What bosses and boards say about workers is largely true. However, what workers say about bosses and boards is also.


In the dance of death, everyone holds hands.

Mar 11, 2013 10:47AM
It doesnt help that the CYA mentality that is so prevalent in todays business environment is consistently reinforced by perhaps the most visible of leadership positions, our wonderful politicians, complete with their inability to make competent, and non self-serving decisions. That perception, in the eyes of many workers, extends to most of corporate management as well. If we want people to be creative thinkers and lead with solutions, then we cannot be so quick to terminate or chastise them when they take a risk in an effort to get something done. Good leadership at the top breeds good leaders. And leaders should always remember, you cant push a rope (think about it).
Mar 11, 2013 10:59AM
Its real easy for someone to sit on their dead **** and point fingers.  Employee owned companies are the future of this country, everyone working together to make everyone rich.
Mar 11, 2013 11:14AM
I guess when the have the american worker down to the level of Chinese work shops they'll rank us higher. They need to take a look at the poor level of management in this country.
Mar 11, 2013 11:04AM
If they want a person with these skills, they should offer them the money they are worth and/or the ability to focus upon moving up within the company. All too often, what they say they want and what they want are two entirely different things! It is a damned if you do and damned if you don't situation in the coporate world. We want you to be able to think what we tell you to think! Go outside that and you are without employment! Go figure!
Mar 11, 2013 11:19AM
REALLY? When you think about it, if workers fall short on job skills, the best course of action is to FIRE the bosses and re-hire all those mass-terminations from 2007-08 and restore capacity instead of keep on falsifying competence. What audacity. Younger workers who find out what your career was, want to follow you. Older former workers had their whole lives taken away and yet-- survive or even thrive. Can you PLEASE tell me what the equivalent credential is in the degree world that signifies-- TALENT? Cut the BS, get the socio-psychopaths out of our former offices and BRING YOUR MANAGEMENT DOWN TO EARTH, you Board of Director pricks.
Mar 11, 2013 11:09AM
What corporate America wants from their employees--"we are not here to think, we are here to work".
Mar 11, 2013 10:42AM

I have an uncle with all kinds of qualifications and he can`t get a job because of his

age, 60, so he started his own business and now he makes over $100,000 a year.

Mar 11, 2013 11:16AM

The dumbing down of America is a Great part of the problem..
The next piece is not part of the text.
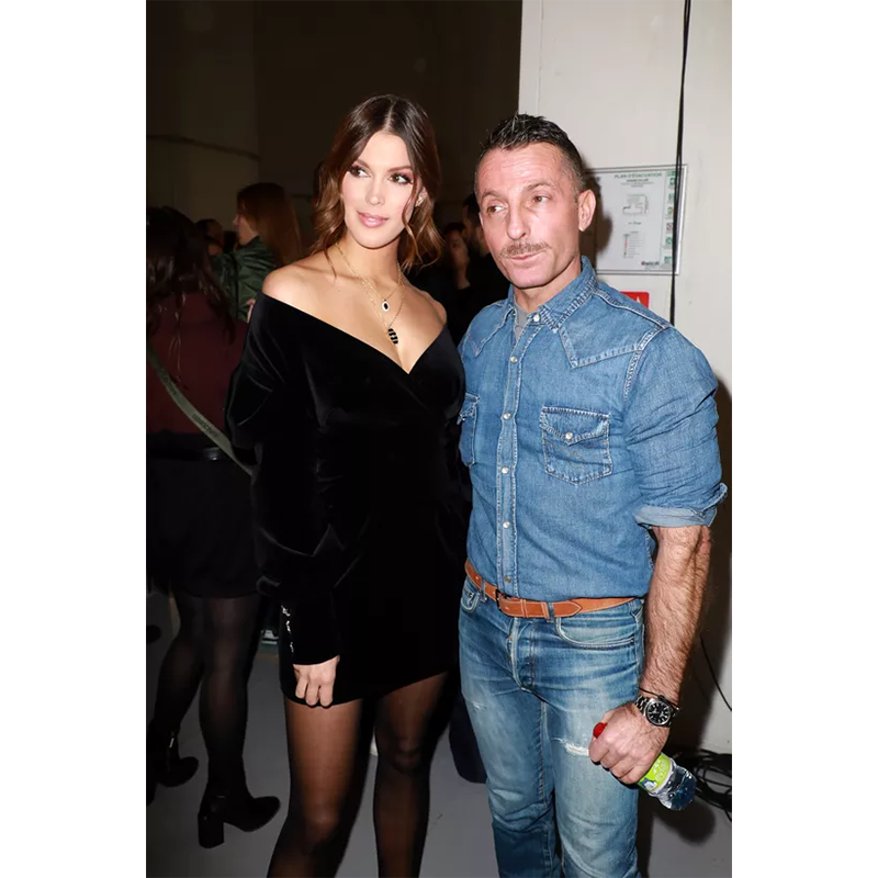 パリ・ファッションウィーク期間中、アレクサンドル・ヴォーティエの2029年春夏コレクションのショーを前に、バックステージでデザイナー本人とともにポーズをとるイリス・ミッテネール。(フランス、2019年1月22日)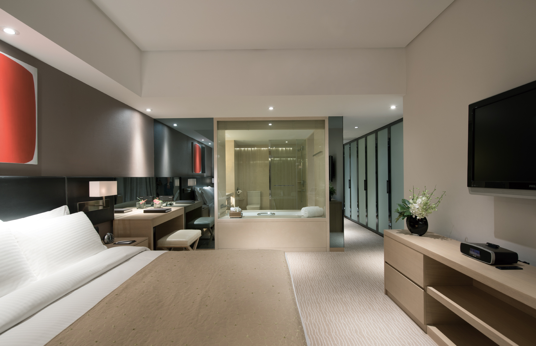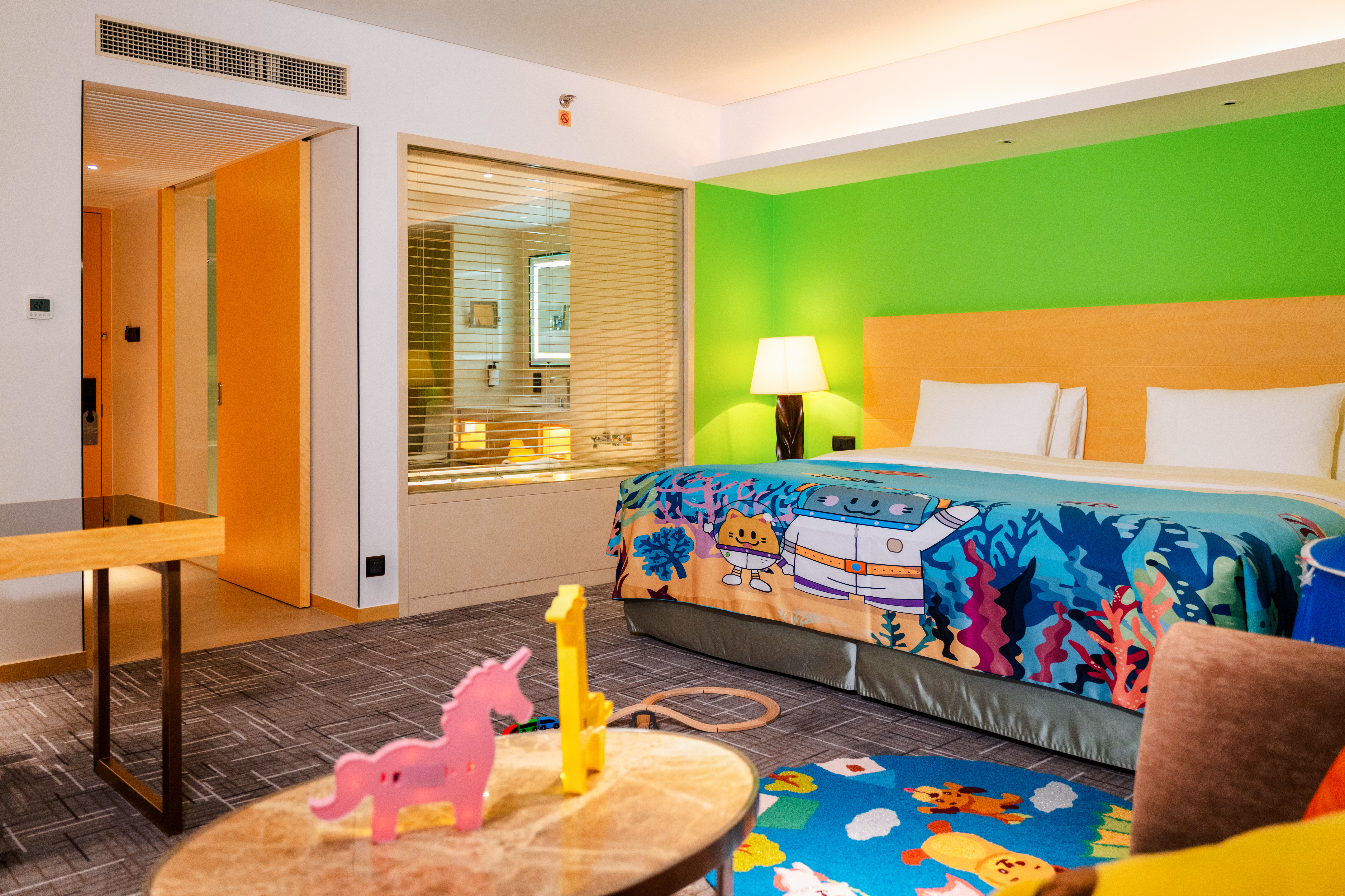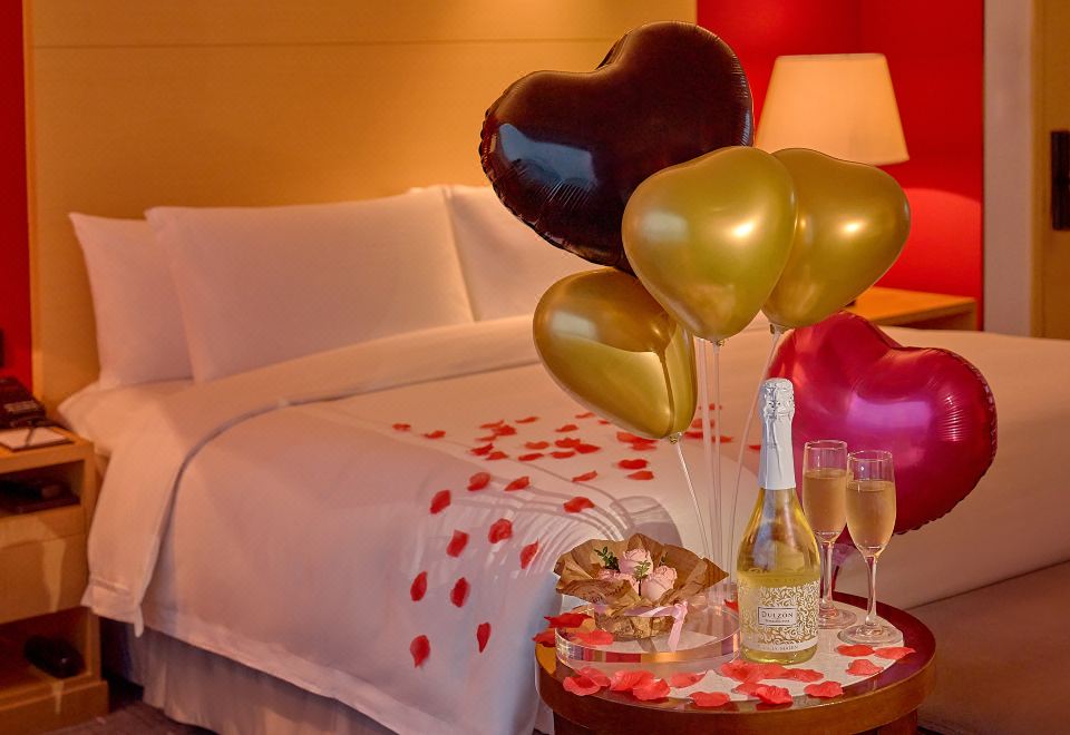 浪漫布置270度尊贵江景客房丨卧室及浴室享一线江景

Critical skills and thinking are not allowed in except maybe Labs..

College Grads unless uppity, have learned to fly below the Radar, not to make waves.

( do your job, collect your paycheck, go drink, go home to Mom and Dad's place.)

Management want people to just do and not think about it...

Most managers are more concerned about numbers, then the work enviroment..

exception: Maybe places like Microsoft, Apple and others, that encourage out-side-the-box and celebrations for "new releases."

Management is just as guilty as the workers, of this Scenario, of Robotic behavior.

Mar 11, 2013 11:13AM
how does the quality of CEO leadership stack up? must be awesome give the monster increase in compensation the past 30 years.
Mar 11, 2013 10:05AM
Creative skills which include thinking outside the box and acting effectively on those that add value to workers and companies alike are suppressed and often frowned upon by the college educations that many employers now insist upon. College students are trained to take tests and mostly do exactly what the professors outline, and too often with penalties for varying from strict guidelines.